Wednesday, October 24, 2007

woMAN

Helen Cixous, Luce Irigaray and Judith Butler all share a common interest in the subject as it has been viewed in literature, discourse, psycho-philosophical realms and even in the normative socio-economical context. The authors are alike, in that they strive to achieve a new epoch for woman to exist, and eliminate the notion a ‘dominant male patriarchal society’. The remedy is to stray away from the connotation of having any previous normative attributes expressed in discourses, literature, psychologies, philosophies, which have all historically been written by a ‘man’.
Luce Irigaray’s Revolutions of the World states that “For the work of sexual difference to take place, a revolution in thought and ethics is needed. We must re-interpret the whole relationship between the subject and discourse, the subject and the world, the subject and the cosmic, the microcosmic, and the macrocosmic” (Irigaray, 170). Her reason for such a revolution has something to do with who writes about the subject. She argues that “…subject has always been written in the masculine form, as man…” (170). Her polarized examples include the sex in which is given to man by g-d, in which is presented as something paternal and masculine. One can even stress the bible, insofar as to argue that god has created men in the image of himself. She argues that woman have been viewed as minor art forms, such that include cooking, knitting, sewing, and embroidery. From the economical stance, there appears to be a class struggle between man and woman. The solution for the problem is to create a new age for woman. A new perception and conception, a revolution to change the economy of desire, create a different relationship between men and god(s), man and man, man and world, man and woman. She wants to stray away from the conception of woman as in work of art, which is romantic, but is misinterpreted. The truth for Irigaray is that in reality, there is space between woman and man. The space is stuffed with attraction, greed, possession, disgust, and consumption.

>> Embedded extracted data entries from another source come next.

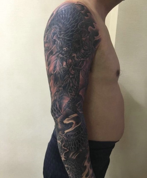 日式手彫刺青作品—半甲龙很感谢客户认可手彫刺青,手彫是日本纹身的手工雕刻技术,时间可以追溯到日本17世纪的江户时代。19世纪,手彫技术被日本黑帮挪用,被用作入会仪式,象征着从此就是江湖中人。在日式传统
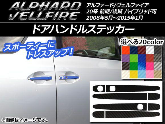 ドアハンドルステッカー カーボン調 トヨタ アルファード/ヴェルファイア 20系 前期/後期 ハイブリッド可 選べる20カラー 入数:1セット(8枚) AP-CF708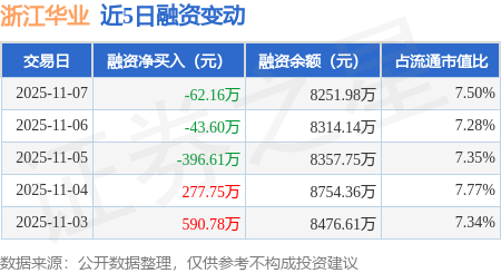 证券之星消息,11月7日,浙江华业(301616)融资买入576.94万元,融资偿还639.1万元,融资净卖出62.16万元,融资余额8251.98万元。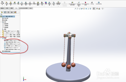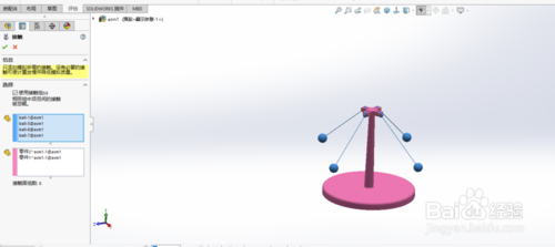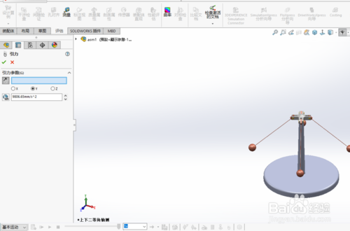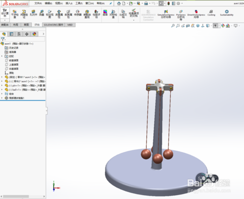 solidworks2019破解版怎么制作離心動畫?打開solidworks2019,導(dǎo)入實體模型。底座,支架,連接桿,小球。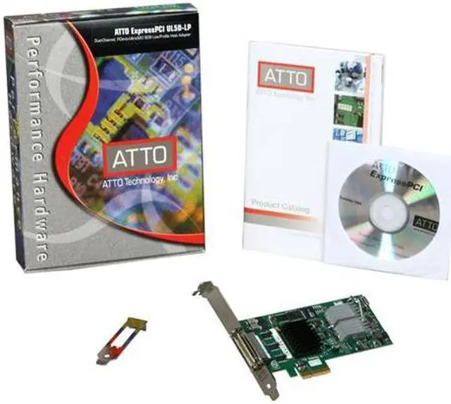 The ATTO ExpressPCI UL5D Low-Profile Ultra320 SCSI host adapter is the industry's first low-profile PCIe SCSI host adapter. Utilizing Ultra320 SCSI and next-generation PCI Express (PCIe) technology. With throughput of up to 320 MB/sec. per channel for a combined speed of up to 640 MB/sec., the ATTO ExpressPCI UL5D Low-Profile SCSI host adapter is ideal for integration into enclosures where space is at a premium. Easy to deploy, manage and scale, the UL5D Low-Profile host adapter is the ideal solution for data-intensive environments such as 10-bit high definition video, transactional database applications, email servers and large server farms.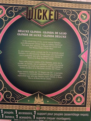[This review was collected as part of a promotion.] Glinda doll for all ages. 8 and 5 year old love this doll. She is dressed in her big pink dress from the opening scene of the movie. She comes with her wand and crown and has a stand to keep her up. Keeps daughters entertained for quite some time off and on throughout the day.

From a psycho-philosophical stance, Helen Cixous Sorties, shares a very common interest to that of Irigaray. Cixous “calls for a radical rethinking of the subject not simply in relation to discourse, society and culture, but to the very cosmos [(space and time)] itself”. Cixous is about the possibility of appropriating Freudian or Post-Freudian psychoanalytical ideas for a theory of feminine subjectivity. Cixous argues that “Freudianism represents another example of patriarchal voyeurism”. In that “everything is reduced to the issue of having the phallus, then everything is reduced to the issue of having or not having the phallus, then woman is also and inevitably either reduced to passivity or non-existence” (226).
She also focuses on the notion of ‘man’ being at the origin of written philosophies. She states that “The philosophical constructs itself starting with the abasement of woman. Subordination of the feminine to the masculine order which appears to be the condition for the functioning of the machine” (231). It is this view that she wishes to change. This patriarchal philosophical stance has creating the affiliation of a ‘man’ as logocentrist, who caries ration power. And philosophy which plays a foundation for psychology replaces notion of rationale as power with phallocentrism, in that the one with a phallus claims sexual power. And it is phallocentrism which becomes the ‘Enemy’ for Cixous, and the subject.

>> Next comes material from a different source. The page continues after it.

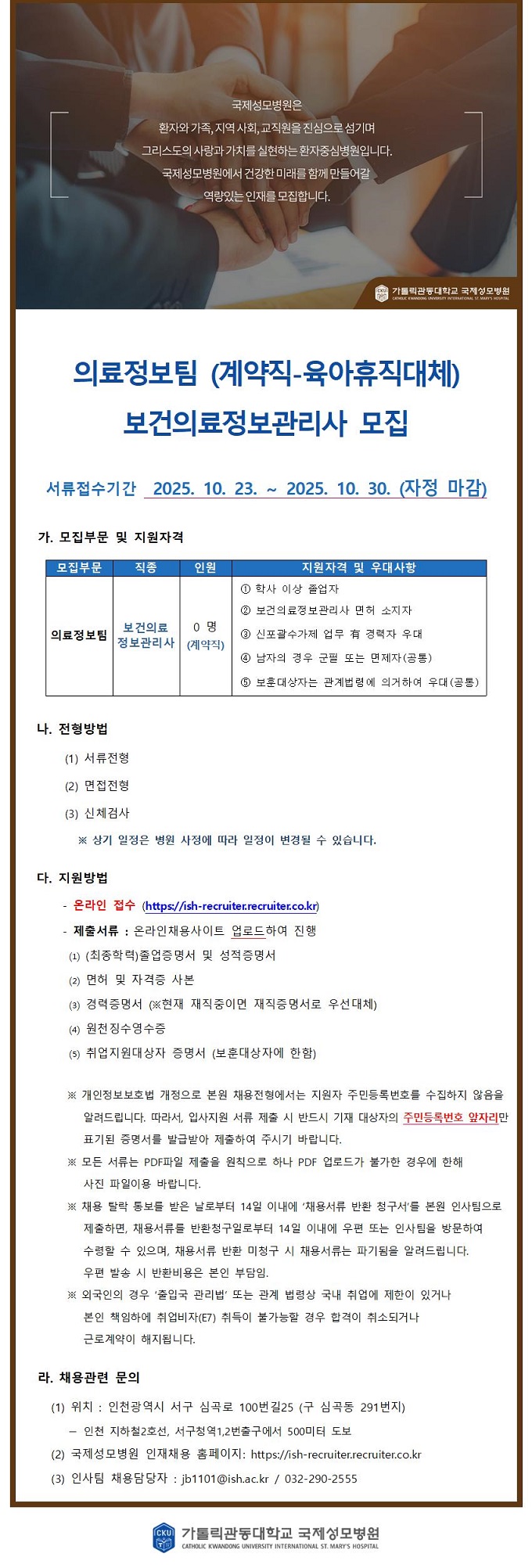 ÀÇ·áÁ¤º¸ÆÀ (°è¾àÁ÷-À°¾ÆÈÞÁ÷´ëü) º¸°ÇÀÇ·áÁ¤º¸°ü¸®»ç ¸ðÁý
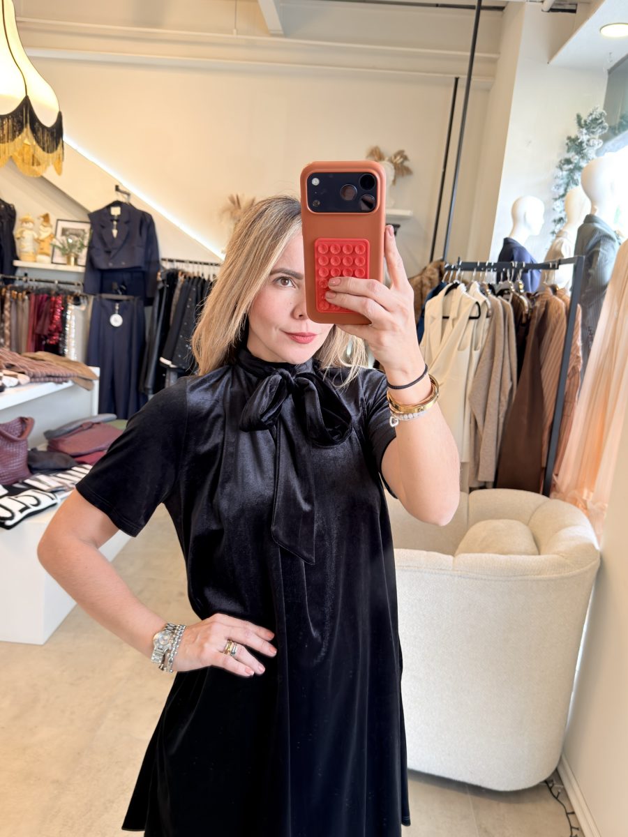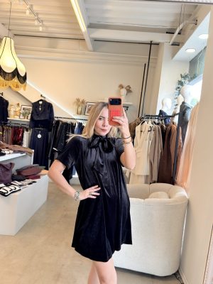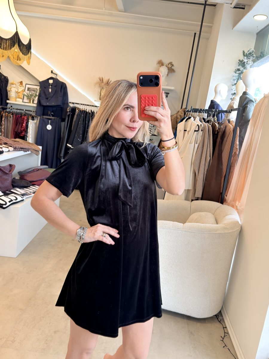 Vestido velvet color negro con listón en la parte de atrás.

Butler on the other hand focuses, or introduces the concept of a ‘drag’ as in relation to performance. Judith Butler, the feminist philosopher introduces a new term she refers to as ‘performativity’. She claims that it is the sexual performativity, or performance of an individual (e.g. drag) that manifest itself into a normative performance of gender, which reveals the hyperbolic norm itself. “Drag revels that heterosexuality itself can only be a performance, for its logic requires exclusive categories of femininity and masculinity”(229). One can conclude that a ‘drag’ can misrepresent a role of a woman as the ‘drag’ only performs. Ultimately, “the hyperbolic conformity to the command can reveal the hyperbolic status of the norm itself, indeed can become the cultural sign by which that cultural imperative might become legible.” In other words it is such literature, and discourses that allow the woman to adapt to the normative ideal of what a woman ought to perform like. Can a ‘drag’ really influence how a women ought to behave? According to Butler, it is this performance of the drag, who is performed by a male, which “opens up a difficult future terrain community, one in which the hope of every fully recognizing oneself in the terms by which one signifies is sure to be [disappointing].”